Task brief
Line by line, return the listing exactly, without any of the images.

Information shown
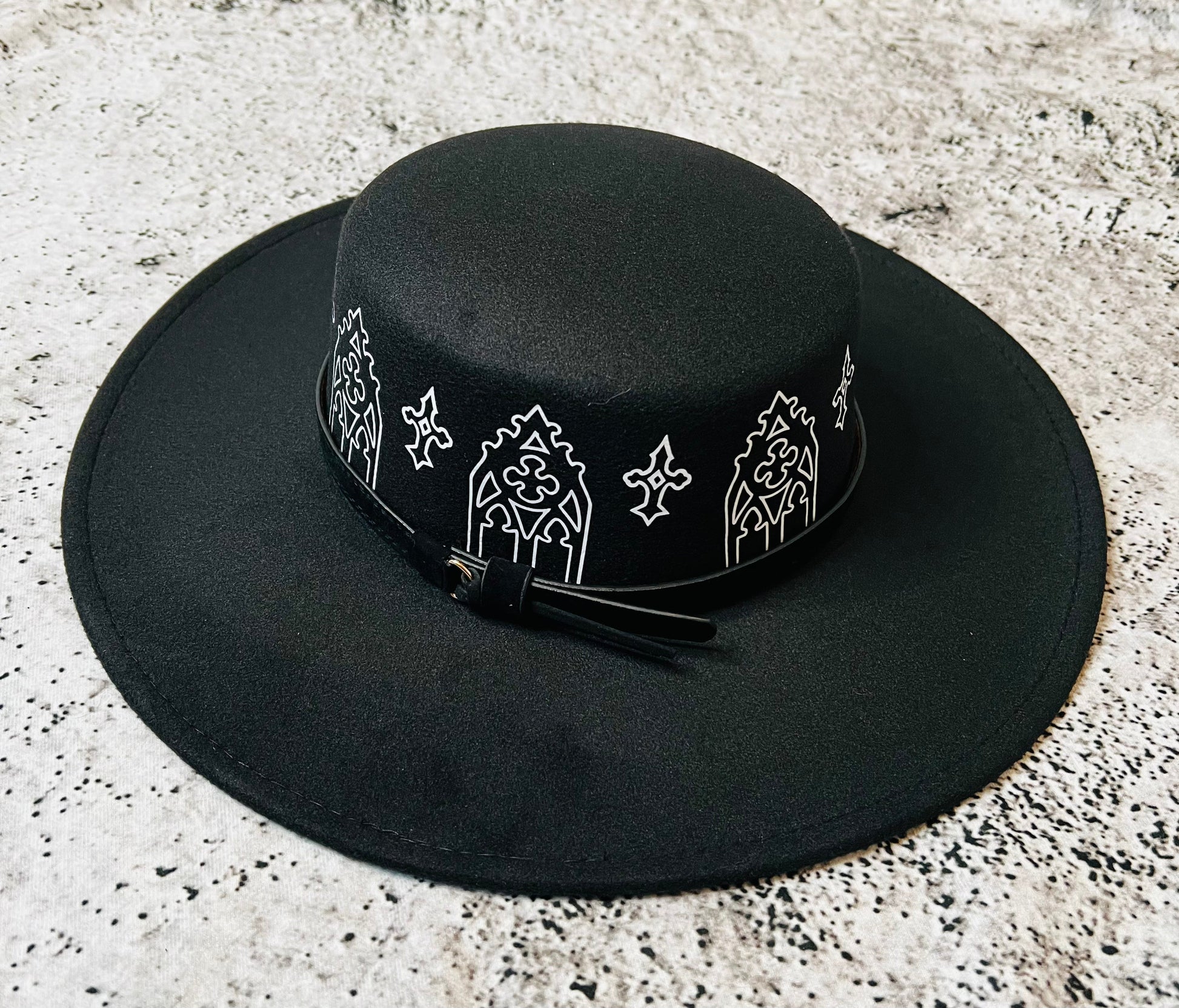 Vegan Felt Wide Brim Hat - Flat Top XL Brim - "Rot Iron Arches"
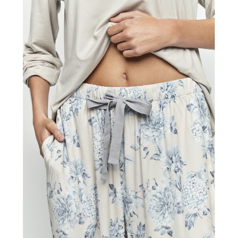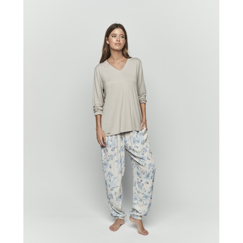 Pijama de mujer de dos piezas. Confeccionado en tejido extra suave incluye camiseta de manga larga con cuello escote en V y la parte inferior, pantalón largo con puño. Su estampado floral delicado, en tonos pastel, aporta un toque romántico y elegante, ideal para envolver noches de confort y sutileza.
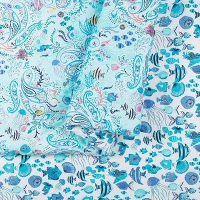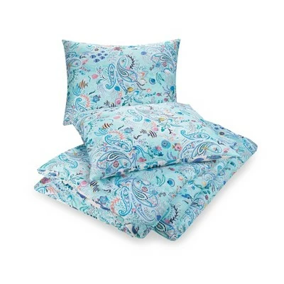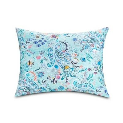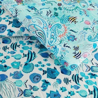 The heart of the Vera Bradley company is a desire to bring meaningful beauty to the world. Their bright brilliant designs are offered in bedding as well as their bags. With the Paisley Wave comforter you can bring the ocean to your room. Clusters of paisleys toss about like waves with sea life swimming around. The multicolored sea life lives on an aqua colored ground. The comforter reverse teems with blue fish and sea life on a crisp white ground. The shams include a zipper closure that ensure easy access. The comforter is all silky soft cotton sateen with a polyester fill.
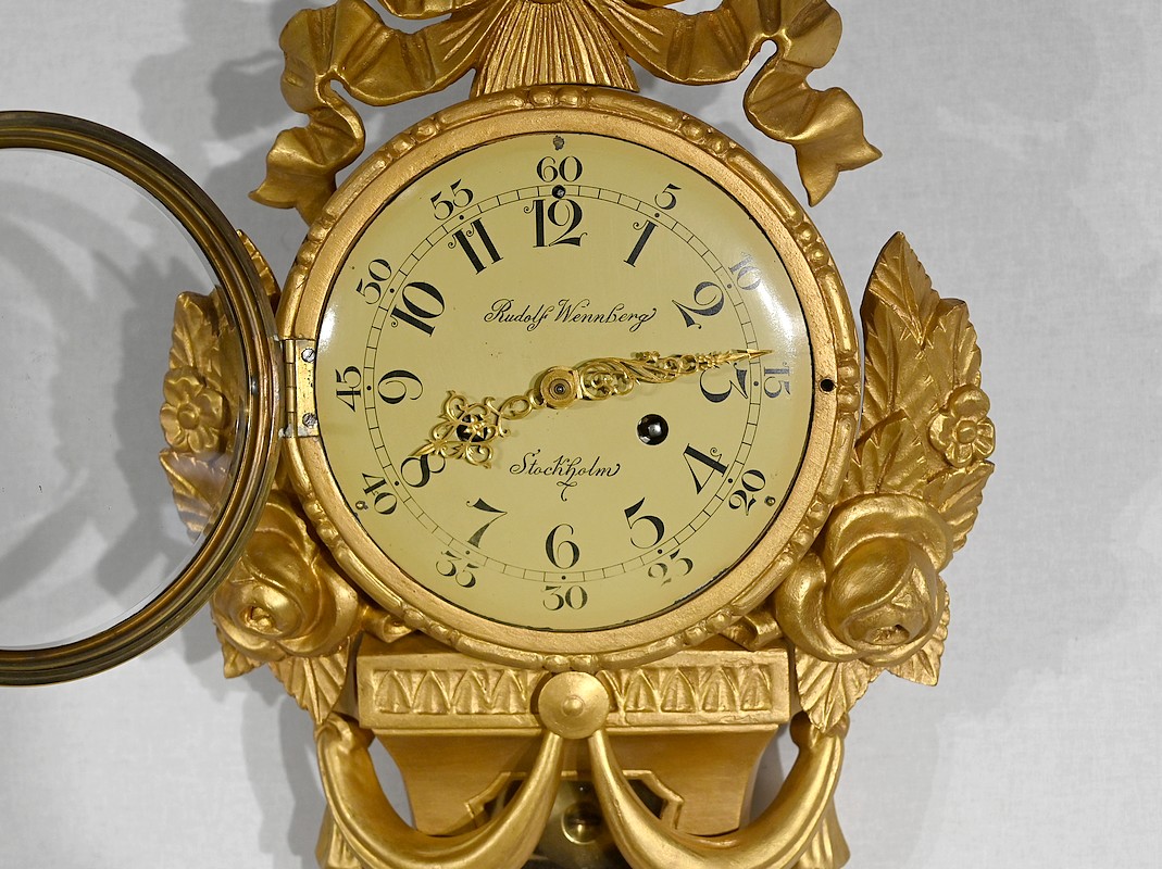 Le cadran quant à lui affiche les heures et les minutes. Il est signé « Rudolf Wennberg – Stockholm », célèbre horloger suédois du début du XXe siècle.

Solution for this exercise
 Vegan Felt Wide Brim Hat - Flat Top XL Brim - "Rot Iron Arches"
 Pijama de mujer de dos piezas. Confeccionado en tejido extra suave incluye camiseta de manga larga con cuello escote en V y la parte inferior, pantalón largo con puño. Su estampado floral delicado, en tonos pastel, aporta un toque romántico y elegante, ideal para envolver noches de confort y sutileza.
 The heart of the Vera Bradley company is a desire to bring meaningful beauty to the world. Their bright brilliant designs are offered in bedding as well as their bags. With the Paisley Wave comforter you can bring the ocean to your room. Clusters of paisleys toss about like waves with sea life swimming around. The multicolored sea life lives on an aqua colored ground. The comforter reverse teems with blue fish and sea life on a crisp white ground. The shams include a zipper closure that ensure easy access. The comforter is all silky soft cotton sateen with a polyester fill.
 Le cadran quant à lui affiche les heures et les minutes. Il est signé « Rudolf Wennberg – Stockholm », célèbre horloger suédois du début du XXe siècle.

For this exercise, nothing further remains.